NL-to-RTL Datasets: Scale, Synthesis & Benchmarks

Updated 13 November 2025

Natural language-to-RTL datasets are structured resources that pair NL specifications with RTL code, testbenches, and annotations to benchmark hardware synthesis models.
They employ manual, LLM-driven, and verification-based methodologies to ensure both syntactic correctness and functional validity in auto-generated hardware designs.
Rigorous benchmarking protocols measuring syntax, functional accuracy, and design quality reveal that scale and data diversity directly enhance model performance.

Natural language-to-RTL datasets are structured resources pairing natural-language specifications with register-transfer level (RTL) hardware code—typically Verilog or SystemVerilog—and, increasingly, with testbenches and functional annotations.
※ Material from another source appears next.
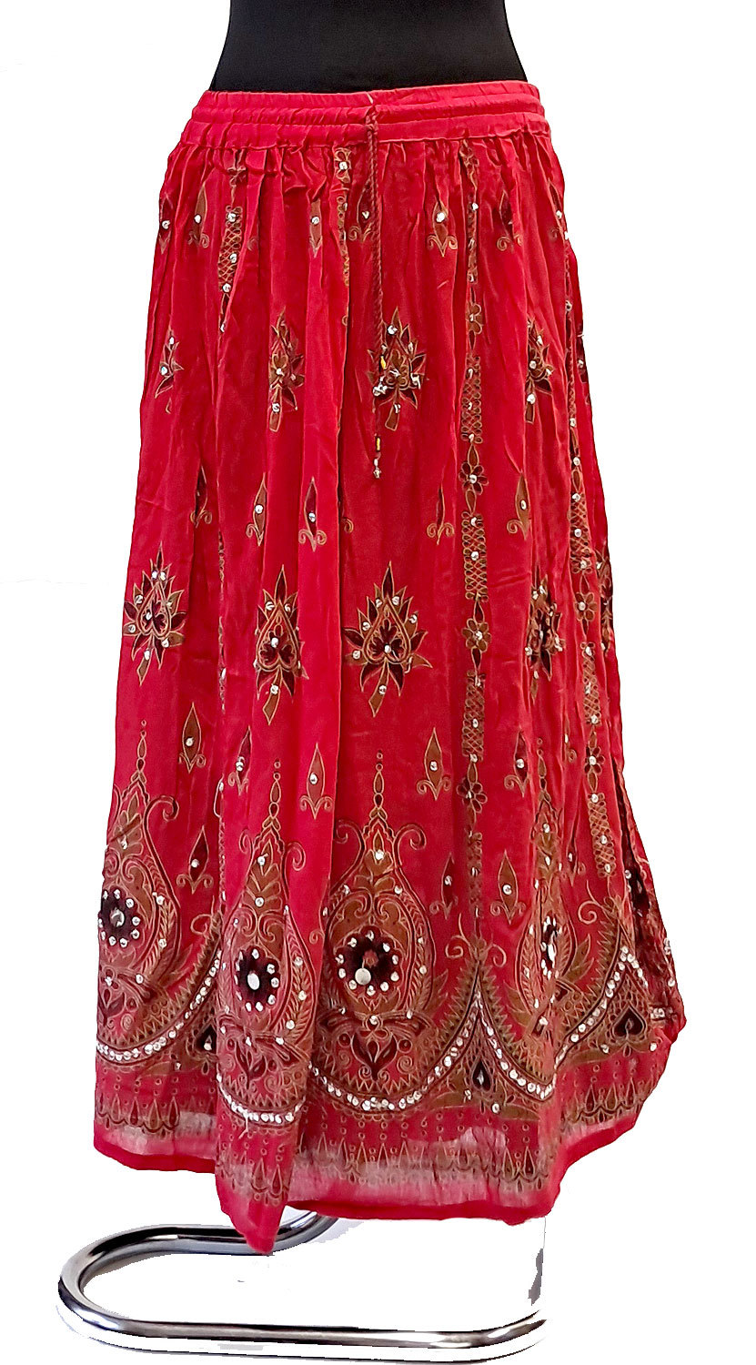 Tato sukně je vyrobena z mimořádně příjemného a prodyšného materiálu, který zaručuje pohodlí po celý den. Její povrch zdobí tradiční indické motivy, které jsou doplněny výraznými flitry. Tyto flitry zachycují světlo a dodávají sukni decentní, avšak oslnivý lesk s každým pohybem.

These datasets enable the training, benchmarking, and evaluation of LLM-based systems for automatic hardware synthesis, evaluation, and verification. The rapid evolution of corpus size, annotation methodology, and benchmarking frameworks reflects the emerging demand for robust, large-scale resources suitable for supervised learning and agentic code generation flows.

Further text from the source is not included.